5. The system of claim 1, wherein the media system is one among a vehicle entertainment system, a vehicle sound system, a vehicle media system, or an entertainment system for home or public use.

6. The system of claim 1, wherein the media device transmits the audio via a wired or wireless connection.

7. The system of claim 6, wherein the wireless connection is one among a Bluetooth communication, a Zig-Bee short-range communication, and a Frequency Modulation (FM) communication.

8. The system of claim 1, wherein the media device routes audio to an internal speaker if the captured audio does not match the audio sourced by the media device.

9. The system of claim 1, wherein the media device presents a visual notification on a display that audio is not being rendered if the captured audio does not match the audio sourced by the media device, and configures the media system to the correct settings to render the audio

10. The system of claim 1, wherein the media device pauses or stops the application providing the audio if the captured audio does not match the audio sourced by the media device.

11. A media device for evaluating an audio configuration of a media system communicatively coupled to the media device, the media device comprising:

a processor for receiving audio from an application;

a communications module for transmitting the audio to the media system;

a microphone for capturing external audio played out by the media system; and

a pattern matching unit to perform pattern matching on the captured audio and the audio sourced by the media device to determine if the captured audio corresponds to the audio sourced to the media system.

12. The media device of claim 11, further comprising

a display for presenting a visual notification identifying whether audio sourced by the media device is rendered by the media system

13. The media device of claim 11, further comprising

an internal speaker for playing the audio if the pattern matching unit determines that the media system is not rendering the audio transmitted by the media device.

14. The media device of claim 11, wherein the processor determines if the media system is actively receiving data from the communications module, and if so, identifies a communication protocol associated with the receiving data, and if not, presents an indication that communication with the media system is inactive.

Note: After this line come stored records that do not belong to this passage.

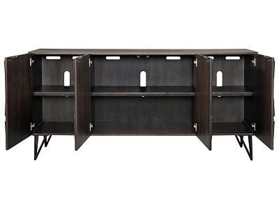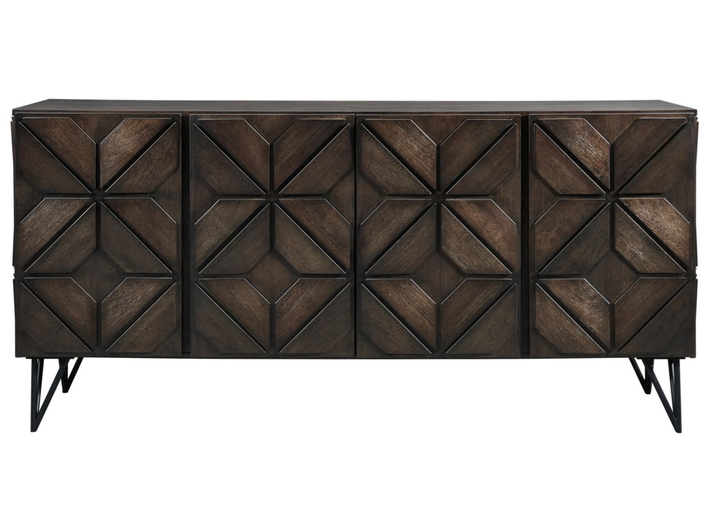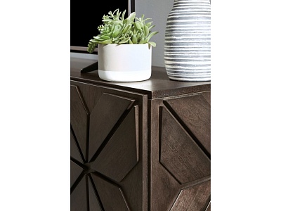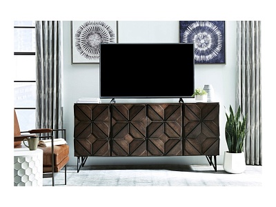 ASHLEY комод CHASINFIELD ( коллекция AMERICAN LIFESTYLE) .Стиль: американский Modern.Тип: акцентный комод( ТВ стенд вмещает телевизор до 75 дюймов) для гостиной,три шкафа,три закрытые регулируемые полки, вырезы для проводов.Цвет: коричневый.Отделка: шпон манго,геометрический дизайн,металлические ножки.Размеры,мм:ш.1848/г.457/в.876.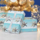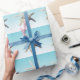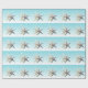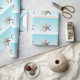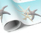 Trois étoiles de mer en bleu, papier d'emballage sur le thème de la plage pour anniversaire ou mariage. Commandez n'importe quel type et la taille rouleau de l'emballage cadeau.
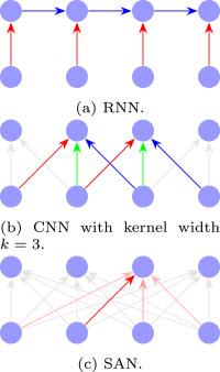 图 | RNN、CNN 和 SAN 分别编码序列的方式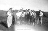 In this black and white photograph 13 young people stand in a semicircle facing the camera. Three girls in the middle are wearing middy tops, dark skirts and knee socks. They are all standing on open ground on a hillside.Collection

15. The media device of claim 11, wherein the media device is one among a cell phone, a personal digital assistant, a portable music player, and a navigation kit, and the media system is one among a vehicle entertainment system, a vehicle sound system, a vehicle media system, or any entertainment system for home or public use.

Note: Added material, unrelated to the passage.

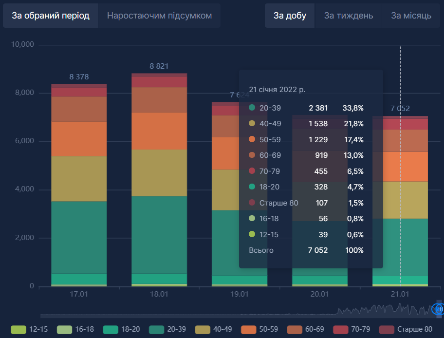 Наступні за кількістю щеплень люди віком від 40 до 49 років – 1 тисяча 538 щеплень (21,8 % від загальної кількості).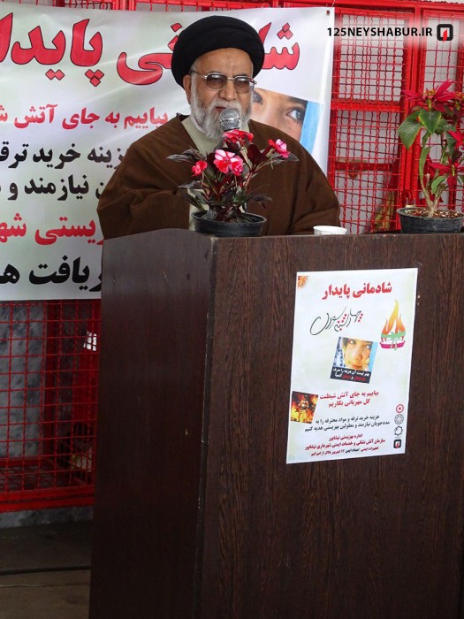 به گزارش روابط عمومی سازمان آتش نشانی و خدمات ایمنی نیشابور ، مهندس نجفی شهردار نیشابوردر آیین افتتاح این طرح گفت : رسوم و سنتهای قدیمی ما هر کدام پشتوانه ای از فرهنگ در خود دارد که متاسفانه برخی از آنها همچون آیین چهارشنبه سوری در سالهای اخیر از مسیر درست خود خارج شده است که باید رسوم غلطی که جایگزین رسوم آیینی ما شده حذف شود و همچنین با پایه گذاری رسوم و فرهنگهای اسلامی و انسان دوستانه ، اینها را جایگزین رسوم غلط نماییم .

16. A method within a media device for evaluating an audio configuration of a media system communicatively coupled to the media device, the method comprising the steps of:

receiving audio from an application;

transmitting the audio to the media system;

capturing external audio produced from the media system;

performing pattern matching on the audio signal and the captured audio signal; and

determining if the external audio rendered by the media system corresponds to the audio sourced by the media device based on the pattern matching.

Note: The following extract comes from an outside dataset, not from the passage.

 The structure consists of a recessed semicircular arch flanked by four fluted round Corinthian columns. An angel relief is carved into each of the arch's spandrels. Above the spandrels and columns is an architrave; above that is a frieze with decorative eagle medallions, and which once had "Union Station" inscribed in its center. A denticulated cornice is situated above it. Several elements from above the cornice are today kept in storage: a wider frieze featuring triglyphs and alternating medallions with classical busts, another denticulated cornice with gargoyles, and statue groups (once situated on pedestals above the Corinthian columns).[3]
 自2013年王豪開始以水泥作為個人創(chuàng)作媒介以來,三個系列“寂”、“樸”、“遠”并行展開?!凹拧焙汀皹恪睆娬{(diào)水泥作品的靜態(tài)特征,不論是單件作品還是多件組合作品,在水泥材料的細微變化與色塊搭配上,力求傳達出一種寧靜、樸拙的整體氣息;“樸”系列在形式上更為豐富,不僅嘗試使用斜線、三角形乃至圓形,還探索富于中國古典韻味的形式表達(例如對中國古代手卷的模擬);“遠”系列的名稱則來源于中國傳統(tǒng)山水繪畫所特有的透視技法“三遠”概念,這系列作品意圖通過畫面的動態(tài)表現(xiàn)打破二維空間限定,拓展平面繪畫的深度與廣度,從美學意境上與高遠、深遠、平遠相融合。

17. The method of claim 16, further comprising

presenting a visual notification identifying whether the media system is rendering the audio sourced by the media device

18. The method of claim 16, further comprising

audibly playing the audio if the media system is not rendering the audio transmitted by the media device.

19. The method of claim 17, further comprising

presenting instructions for configuring a communication link between the mobile device and the media system;

applying user configuration settings received responsive to the step of presenting instructions by using a communication channel to configure the media system to settings for rendering the audio; and

checking the audio configuration with the applied user configuration settings.

20. The method of claim 16, further comprising:

sending sub-audible test tones to the media system during power up;

capturing external sub-audible tones produced by the media system responsive to receiving the sub-audible tones; and

presenting a visual notification in response to determining if the external audio rendered by the media system corresponds to the sub-audible test tones based on the pattern matching.